Se destaca que el agente supuestamente responsable de la persecución sería un actor tercero no estatal, siendo el Estado colombiano el competente para conocer de la situación alegada, sin que las autoridades colombianas se aquieten ni permanezcan pasivas ante el fenómeno de las bandas criminales, dados los importantes esfuerzos que despliegan para erradicar tales hechos delictivos.

Se recuerda, en este orden de cosas, que el espíritu y la finalidad de la institución del asilo no reside en otorgar protección ante fenómenos de inseguridad ciudadana en los distintos países, sino, tan sólo, otorgarla en casos de persecución por los motivos previstos en el reiterado artículo 3 de la Ley 12/2009.

Se destaca, asimismo, que existen diversas normas que reconocen la importancia de la labor de las personas defensoras en Colombia y que instan a su protección, como es la Directiva 007 de 1999 que ordena a los funcionarios públicos abstenerse de cuestionar la legitimidad de las organizaciones de derechos humanos y sus miembros; la Directiva 002 de junio de 2017, de la Procuraduría General de la Nación, en que el Estado colombiano reconoce el concepto de defensor de derechos humanos establecido internacionalmente, señalando las pautas a seguir en las investigaciones de delitos cometidos contra este colectivo.

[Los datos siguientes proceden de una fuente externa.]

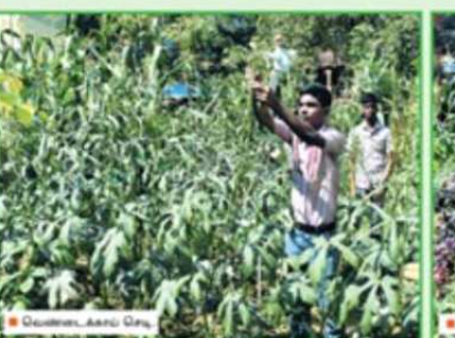
சென்னை மிகப் பெரிய பசுமை தவழும்.

MAGNIFICENT BLOCK IN RAISING KITCHEN GARDEN Vardah major cyclonic storm brought Chennai to a standstill and made landfall and uprooted as many as one lakh and above trees in Chennai alone. The Head Master along with the National Green Corps student's teams planned and have made a giant leap in creating a green revolution in their higher secondary school located in MMDA colony MGR Street, Arumbakkam Chennai. This team along with the school watchman, who is basically a farmer executed this plan, planted paddy and various other vegetable producing plants and have successfully, produced different kind of vegetables. These are being utilized in the MDM and also gifted to the students. The Head Masters from other schools in Chennai have been insisted to visit this school by the Chief Educational Officer. "GARDENERS, DREAM BIGGER, THAN EMPERORS"

En este orden de cosas, se sigue diciendo: "Así el Estado está ejecutando un plan para reforzar las medidas de seguridad de los líderes del PNIS (Programa de Sustitución Voluntaria de Cultivos de Uso Ilícito) en todo el territorio nacional. Dentro de estas acciones, destacan el fortalecimiento de los anillos de seguridad de la Fuerza Pública en los territorios del PNIS, la construcción de rutas de atención y reacción con acciones que permitan reducir la vulnerabilidad y riesgos de las comunidades, socialización de las rutas de protección con cada coordinador y equipo del PINS, entre otras. Para mejorar la protección de estos colectivos, entre otros, el gobierno, mediante el Decreto 4912 de 2011 mencionado anteriormente, creó la Unidad Nacional de Protección (UNP) en 2011. Este organismo tiene como objetivo la articulación, coordinación y ejecución del servicio de protección para aquellas personas que determinen las autoridades gubernamentales. En noviembre de 2018, la UNP proporcionaba medidas de protección a 3.733 defensores de derechos humanos, si bien esta unidad se enfrenta a numerosas quejas por parte de los beneficiarios. ... Otras medidas, como los teléfonos móviles, han resultado inútiles en zonas rurales remotas en las que no hay cobertura, mientras que los "botones de pánico" no siempre reciben de la policía una respuesta lo bastante rápida como para disuadir a los asesinos. Además, a finales de 2018, el Gobierno puso en marcha un plan para proteger a personas defensoras de derechos humanos, líderes sociales y periodistas, con el que reforzaba las unidades de policía especializadas y mejorando la coordinación entre órganos estatales. Con éste se busca brindar una mayor seguridad y respaldo a quienes han asumido el liderazgo en la promoción y salvaguarda de los derechos humanos, así como dar cumplimiento a las obligaciones establecidas en los instrumentos jurídicos internacionales vinculantes.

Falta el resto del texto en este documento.